Responses to thermal and salinity stress in wild and farmed Pacific oysters Crassostrea gigas

Abstract

The Pacific oyster Crassostrea gigas was introduced from Japan to many countries in the world for oyster farming, resulting in the establishment of wild populations in intertidal zones and resource competition with local faunas. This study examined physiological responses of wild oysters and farmed oysters to thermal (15°C, 25°C, 37°C and 44°C) and salinity stress (39, 50 and 60ppt). The wild oysters produced more 72kDa heat shock proteins when the temperature increased from 15°C to 25°C and 37°C and the salinity increased from 39 to 50 and 60ppt.
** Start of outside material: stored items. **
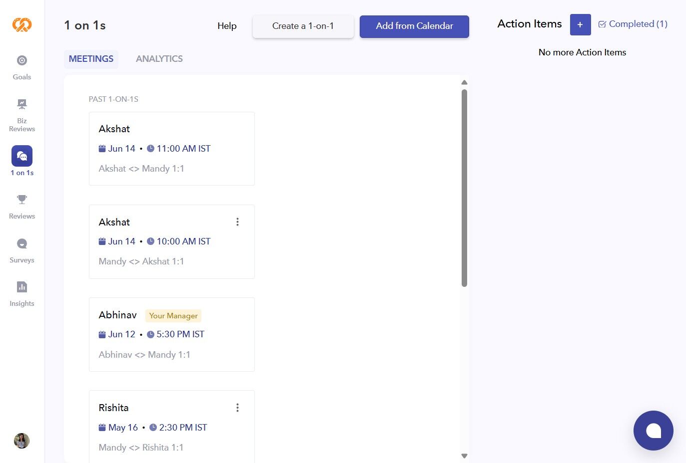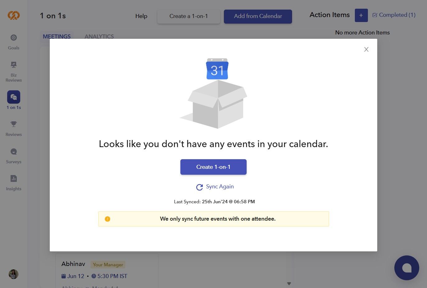 - After syncing your calendar, all the 1-on-1s will automatically appear on the tool. However, if no 1-on-1s are scheduled, you can create one from here.
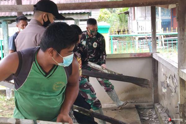 Pengkadan - Serda Usen dan beberapa anggota Satgas TMMD Regtas Kodim 1206/PSB bersama warga bergotong royong membuat tempat air wudhu bertempat di Masjid Al-Mubarok, Dusun sukaramai, Desa hulu Pengkadan, Kecamatan Pengkadan, kabupaten Kapuas hulu.
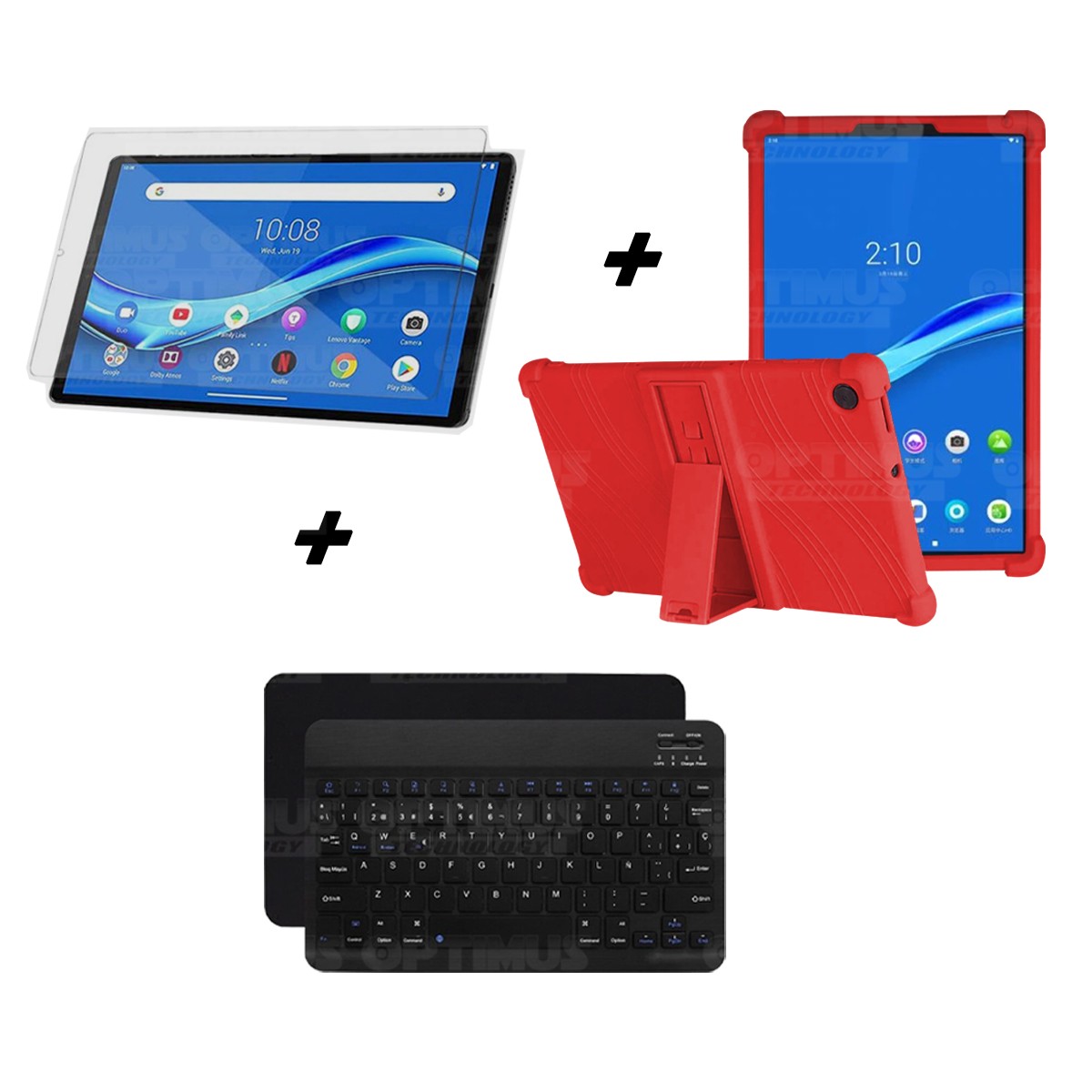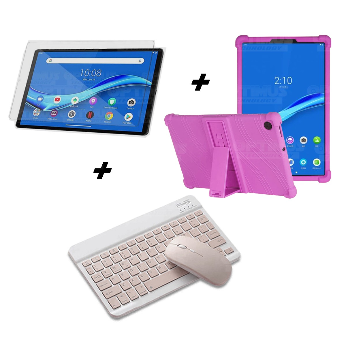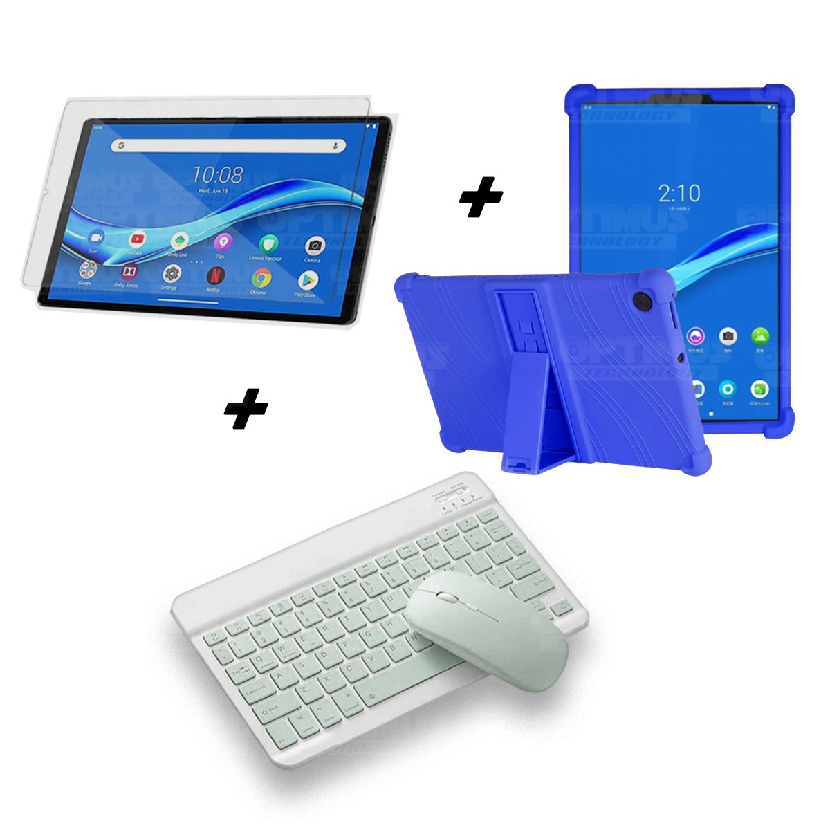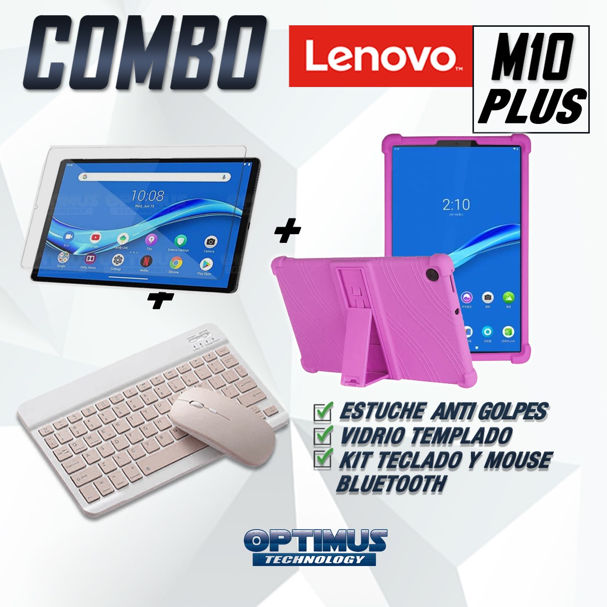 Los ¡Nuevos Kits de Estuche + Vidrio + Teclado + Mouse Bluetooth de OPTIMUS™ Le brindan a tu Tablet una alta protección y funcionalidad completa!

However, the amount of 69kDa heat shock protein was similar between farmed and wild oysters when the temperature increased from 15°C to the sublethal temperature 37°C, but it was lower in wild oysters than in farmed oysters when the temperature increased from 15°C to the lethal temperature 44°C. In the tissues, wild oysters used more glycogen to promote metabolic activities by increasing the level of AEC (adenylate energy charge). The results suggest that farmed oysters might have limited ability to cope with heat stress due to low energy reserve and glycolysis activity for HSP synthesis. This study provides experimental evidence on differential responses between wild and farmed oysters to temperature and salinity changes, leading to a better understanding on the pattern of distribution for invading oyster species in the marine environment and the adaptation of marine invertebrates to the threat of climate change.

Keywords: Adenylate energy charge; Climate change; Glycogen; Glycolysis activity; Heat shock proteins; Temperature.